Film Review: Being a Human Person

★★★★☆

Charting the production of Roy Andersson’s latest and possibly final film, About Endlessness, documentarian Fred Scott explores in his first feature the career of one of Sweden’s most beloved and singular filmmakers. The result is an affectionate and often enchanting tribute that is as in thrall to the affable Andersson as it is compelled to reveal his darker sides.

“Art is important because it deals with the endlessness”, the Swedish director muses on the set of About Endless – aptly titled – though Andersson doesn’t think so much of it, preferring the word ‘inexhaustibility’ but for its heaviness. Nevertheless, About Endlessness met with universal acclaim on its release, and for good reason, too, wrestling with profound questions of existence in Andersson’s typically optimistic, satiric style.

Being a Human Person takes its cue from that sense of optimism and finding the profound in the mundane, if not Andersson’s signature tableau aesthetic.
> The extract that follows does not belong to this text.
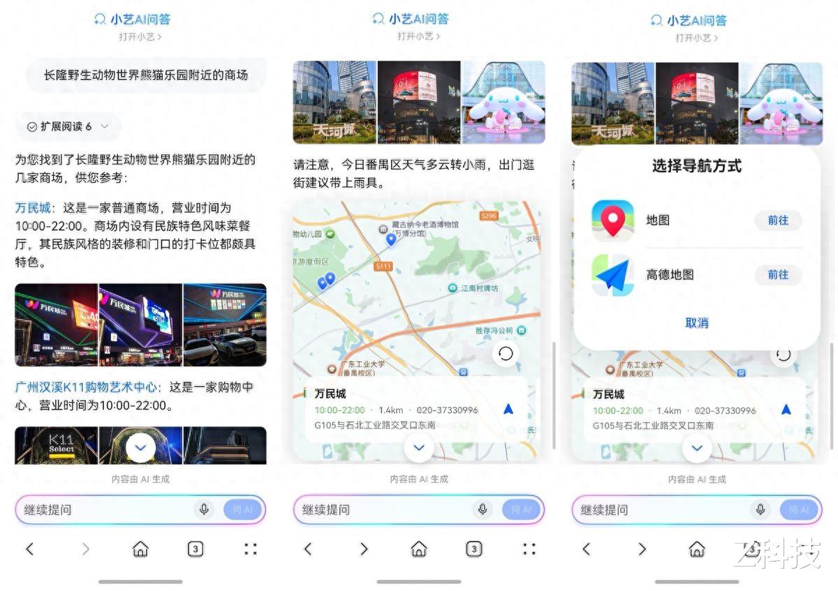 解决完脑力问题,紧接着就是行程补给问题:玩了半天想找个商场歇歇脚、顺便买点东西。人生地不熟,既要离得近,又得业态丰富。还好,我仍然可以用“AI问答-深度思考”解决烦恼,问它“长隆野生动物世界熊猫乐园附近的商场”。华为浏览器也很快回复了周边的商场列表,还给出了特色介绍和营业时间,以及地图卡片,点击一键就能跳转导航,可以说是相当贴心了。

The opening credits, consisting of richly-lit, shallow focus close-ups of set-building set the tone for the esteem in which the film holds Andersson, while revealing its focus on his peculiar sense of craft. Intertitles explain his meticulous method of building and pulling down each set in his small independent studio in Stockholm, each taking about a month to create, shoot and destroy.
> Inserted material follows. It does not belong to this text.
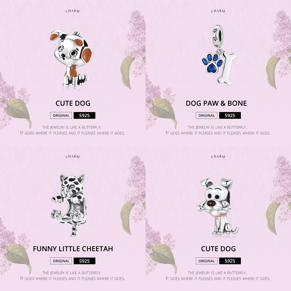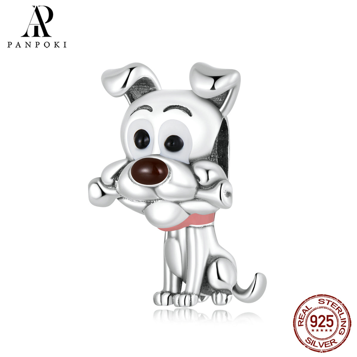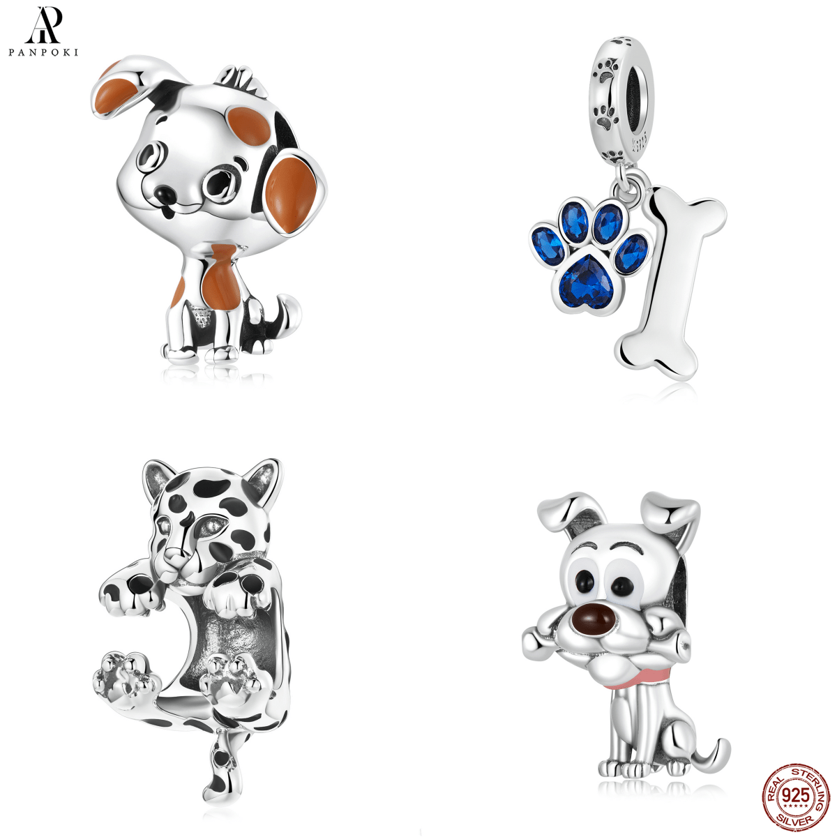 PANPOKI 925 Sterling Silver Dog Leopard Dog Bone Animal Beads Charms

It’s a truly old-fashioned method of filmmaking – magical, even – a direct inheritor of the tradition of George Méliès. But where Méliès sent his characters on grand voyages to fantastical places, Andersson’s films have always found the epic, the wonderful and the terrible in the mundane qualities of everyday life. Scott teases out Andersson’s vision of cinema through a canny combination of talking heads interviews, vérité-style shooting and footage of archival footage and Andersson’s own filmography.
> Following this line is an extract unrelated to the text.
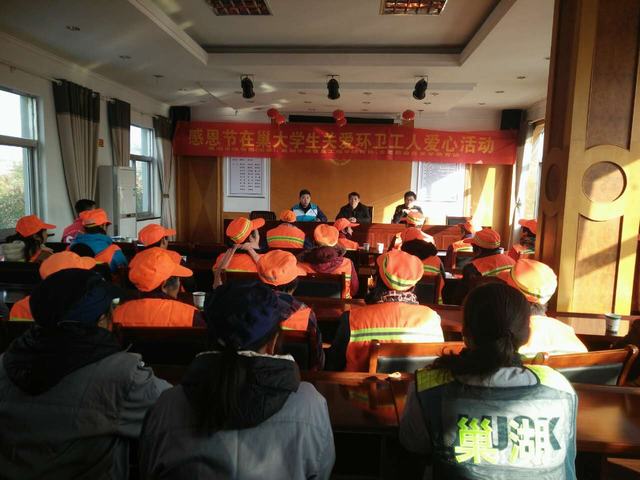 11月24日,伟德源自英国1946、巢湖学院及巢湖市城市管理局联合开展的“在巢大学生感恩节关爱慰问环卫工人爱心活动”给寒冬增添了几分温暖。

Much of Scott’s film focuses on Andersson’s drinking and the problems it continues to cause the production of About Endlessness. While the 75 year-old comes to terms with his decades-long use of alcohol as a routine medication, his production team grow increasingly exasperated at his erratic, unpredictable whims. More than a year after the film’s premiere at the Venice Film Festival, in retrospect it seems all but inevitable that the film would be a critical success, so it’s to Scott’s credit that Being a Human Person is able to draw out just how perilous the production was.

Perhaps Being A Human Person’s most exciting quality is in the way it uncovers Andersson’s unity of vision – revealing the man whom, without contradiction, can chuckle at keeping a pair of binoculars at his window to keep an eye on the local café’s menu, but also depict the most extreme horrors of the Holocaust with unblinking banality. Just as Andersson reveals profound truths about human existence in miniature, so does Being A Human Person discover something of Andersson’s whole in revealing him, synecdoche-like, in part.